Look at Terminator 2, which is as close to a perfect action movie as anyone will ever make. At the beginning, you think Robert Patrick’s character is human, so by the time you figure out he’s metal, you don’t ask yourself how something metal could be sent back in a time sphere, when it’s clearly established in canon by the same director and writer of the first movie, that if it’s dead, it won’t go. But you don’t care. You don’t give a shit. Now, if he showed up as metal, you would have cared. And T2 has a different paradox than the first movie does. Why doesn’t Sarah ever say to herself, “Wait a minute, if I change the future and prevent the apocalypse, that means the father of my child never comes back to me, and that means my child is never born?” She never has that conversation and you never think about it while you’re watching it, even though it’s a pretty straightforward time travel paradox.
Can you describe any scenes that were fleshed out, but were jettisoned or materially changed, for practical reasons?
Laeta: There was a scene we wrote when Sarah was a child, asking Guardian over and over again for a tea party. And you eventually see the tea party set up, but then we reveal that Sarah’s actually being trained to snipe – to shoot the teacups.

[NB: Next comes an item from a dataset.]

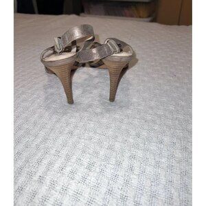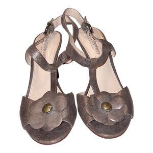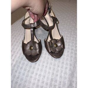 COACH Poppy Horizon Bronze Metallic Leather Flower Ankle Heeled Sandals

And given that Guardian has interacted with Sarah since she was nine years old, is his attachment to her simply the result of acquiring data over time, or is he achieving a true bond and a higher consciousness?
Laeta: It’s an arguable point. I could go both ways.
Patrick: I’d say yes to a higher consciousness. I think he is self aware, because he’s teaching Sarah and Sarah’s teaching him. And just because he isn’t human, that doesn’t mean he doesn’t love her and it doesn’t mean he wouldn’t die to protect her, and it’s not just because of his programming. This goes beyond that. And Arnold’s character – his mere existence and how he interacts, is the key hope for the future.
Laeta: But that’s from T2, when Sarah says: “Because if a machine—a Terminator – can learn the value of a human life, maybe we can too.”